- SOURCE MATERIAL -
###

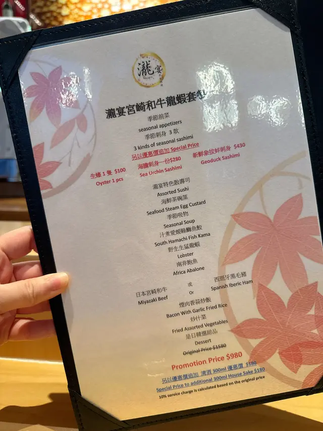 每年好姊妹生日, 鐵板燒成為了我們聚會嘅約定! 提前book咗呢間位於銅鑼灣Sugar+高層嘅鐵板燒, 居高臨下, 視野開揚。餐廳有間房設計, 當晚就間咗房比人包場, 除了鐵板位, 都有好幾張TABLE SEATS。見到呢個Promote set咁豐富, 價錢相對抵, 就order咗呢個set。【瀧宴宮崎和牛龍蝦套餐】HK$980/位前菜: 水云菜、海鮮沙律、薯仔沙律每款份量精緻, 水云菜酸酸地, 非常開胃。刺身三款: 包括有深海池魚、鰹魚、赤蝦, 其中赤蝦肥美爽口。雜錦魚生飯: 數款切粒魚生切成細粒再加上鮮美海膽, 配上少少醋飯, 口感同味道同樣滿足。海鮮茶碗蒸: 甜甜地兼嫩滑得入口即化嘅蒸蛋上, 加了些少蟹肉碎, 更為鮮味。蜆湯: 味道清甜, 有大量海帶同埋兩隻蜆。汁煮愛媛縣鰤魚鮫: 鰤魚鮫煮得好林又入味, 甜甜地, 配有蘿蔔等配料, 吃出了汁煮嘅精髓。終於到鐵板鐵環節, 每人可享半隻龍蝦: 師傅以龍蝦膏將龍蝦肉炒起, 每件龍蝦平均包住了甘黃色龍蝦膏, 甘香鮮味, 不過口感未算爽, 反而偏林。南非鮑魚: 整個併盤上檯打卡時, 鮑魚超生猛咁蠕動, 師傅將鮑魚切片燒, 口感爽彈有鮮味。日本宮崎和牛: 肉質鮮嫩有肉汁, 咀嚼時滲出牛脂, 配有炸蒜片同埋酸汁洋蔥, 用作平均油膩。煙肉香蒜炒飯: 炒飯炒得粒粒分明, 夾集煙肉、蒜粒, 非常香口, on top再加隻蘭黃太陽蛋, 蛋味突出。最後送上炒什菜同埋是日甜品—芝麻奶凍。整個套餐夠哂豐富, 飽肚感十足!…查看更多
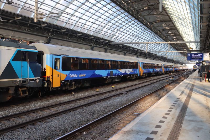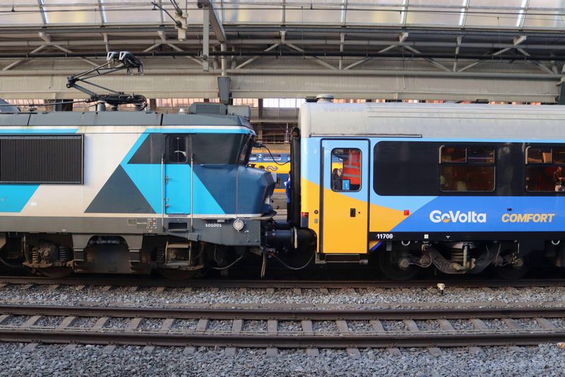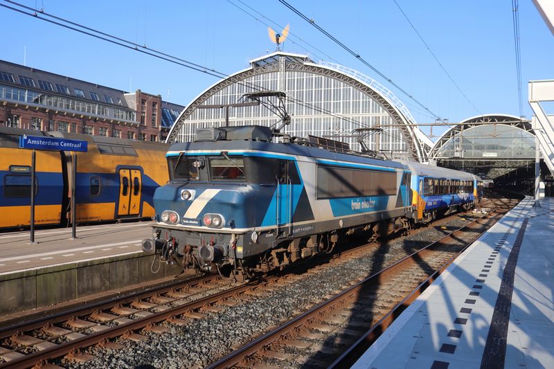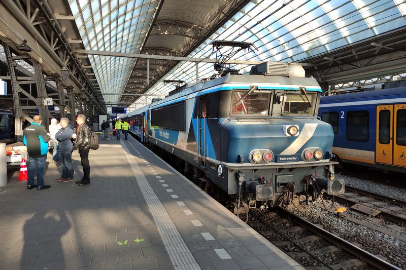 Vanaf Amsterdam Westhaven Opstel komt de TCS 101001 met de acht vers bestickerde GoVolta-rijtuigen Amsterdam Centraal binnen rijden. Doordat de bestickerde Vectrons van GoVolta nog niet gereed zijn wordt tijdelijk een 1700 van Train Charter Services ingezet.
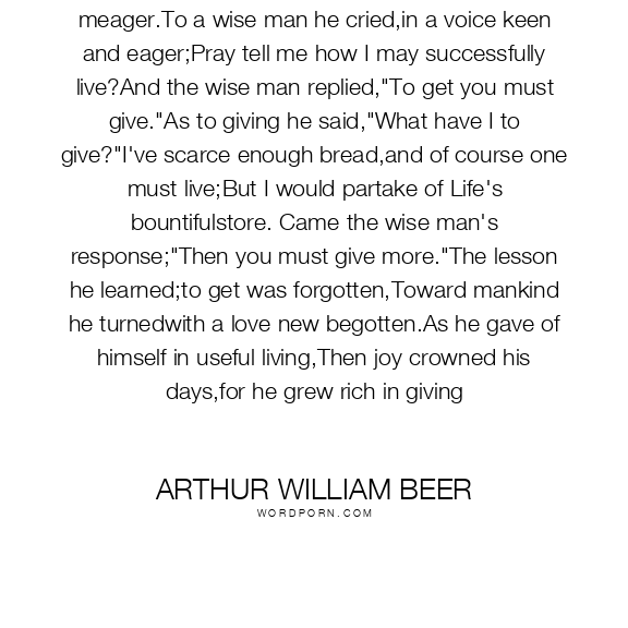 To get he had tried,yet his store was still meager.To a wise man he cried,in a voice keen and eager;Pray tell me how I may successfully live?And the wise man replied,"To get you must give."As to giving he said,"What have I to give?"I've scarce enough bread,and of course one must live;But I would partake of Life's bountifulstore. Came the wise man's response;"Then you must give more."The lesson he learned;to get was forgotten,Toward mankind he turnedwith a love new begotten.As he gave of himself in useful living,Then joy crowned his days,for he grew rich in giving
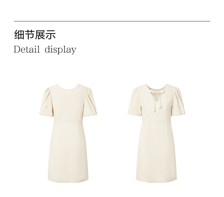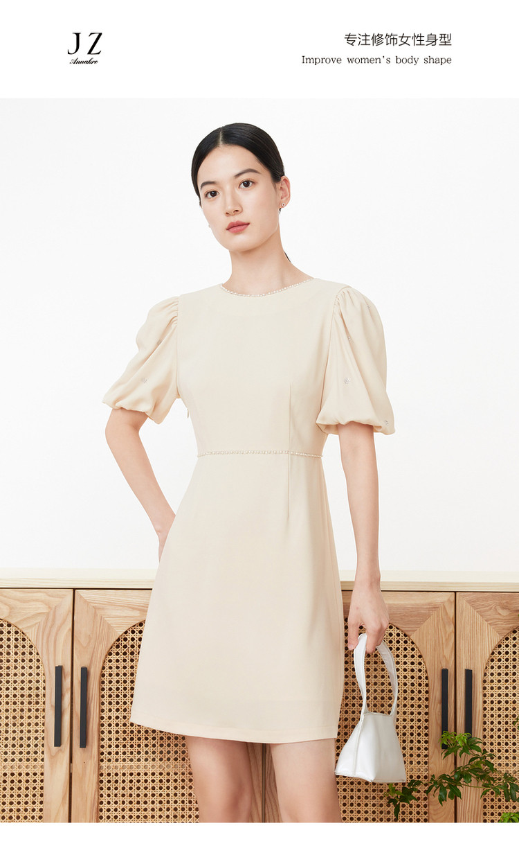 商品名称:旗下安娜蔻系列洋气通勤风泡泡袖收腰醋酸中长款连衣裙女装夏新 918092

###

- WHAT YOU ARE ASKED TO DO -
The answer is the run of lines from the one with "Vanaf Amsterdam Westhaven" through the final line of the data, copied exactly, and nothing else; no pictures.

- RESPONSE BOX -
 Vanaf Amsterdam Westhaven Opstel komt de TCS 101001 met de acht vers bestickerde GoVolta-rijtuigen Amsterdam Centraal binnen rijden. Doordat de bestickerde Vectrons van GoVolta nog niet gereed zijn wordt tijdelijk een 1700 van Train Charter Services ingezet.
 To get he had tried,yet his store was still meager.To a wise man he cried,in a voice keen and eager;Pray tell me how I may successfully live?And the wise man replied,"To get you must give."As to giving he said,"What have I to give?"I've scarce enough bread,and of course one must live;But I would partake of Life's bountifulstore. Came the wise man's response;"Then you must give more."The lesson he learned;to get was forgotten,Toward mankind he turnedwith a love new begotten.As he gave of himself in useful living,Then joy crowned his days,for he grew rich in giving
 商品名称:旗下安娜蔻系列洋气通勤风泡泡袖收腰醋酸中长款连衣裙女装夏新 918092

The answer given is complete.